После подписания информированного согласия испытуемых распределили на две группы. Пациентам I группы (4 человека) препарат Инфемин назначался в дозе 900 мг DIM в сутки (3 капсулы, 2 раза в сутки), II группа пациентов (7 человек) получала плацебо (3 капсулы, 2 раза в сутки). Активная терапия проводилась в течение 12 месяцев с контрольными визитами в начале исследования, через 3, 6 и 9 месяцев после начала исследования. 
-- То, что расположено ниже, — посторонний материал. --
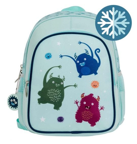 תיק גן גדול בצבע תכלת עם איור של מפלצות

Оценка эффективности терапии препаратом Инфемин проводилась на основании динамики морфологического индекса (МИ) к моменту окончания терапии (статистически значимое снижение МИ по сравнению с плацебо). МИ определялся по данным гистологического исследования биоптатов ПЖ на этапе скрининга и через 12 месяцев после начала исследования. 

Расчет МИ проводился по формуле:  

МИ={[число фокусов PIN низкой степени]+2*[число фокусов PIN высокой степени]+3*[число фокусов рака]} / [число столбиков биопсии] 

В качестве дополнительных критериев эффективности использовались: доля пациентов с сохраняющейся PIN/ДГПЖ через 12 месяцев после начала применения препарата Инфемин и доля пациентов с РПЖ через 12 месяцев после начала применения препарата Инфемин. Исследователи также определяли: 1) объем ПЖ (см3) через 3, 6, 9 и 12 месяцев после начала применения препарата Инфемин; 2) показатели уродинамики: максимальную скорость потока мочи (Qmax), среднюю скорость потока мочи (Qave), объем остаточной мочи (Vres) через 3, 6, 9 и 12 месяцев после начала применения препарата Инфемин; 3) общие индексы IPSS (интенсивность симптоматики), QoL (качество жизни), IIEF (Международный Индекс Эректильной функции) и субиндексы IEEF (A, B, C, D, E) через 3, 6, 9 и 12 месяцев после начала применения препарата Инфемин. Анализ параметров эффективности проводился на основании результатов гистологического исследования биоптатов ПЖ, ТРУЗИ, уродинамического исследования, данных опросников IPSS, QoL и IIEF. 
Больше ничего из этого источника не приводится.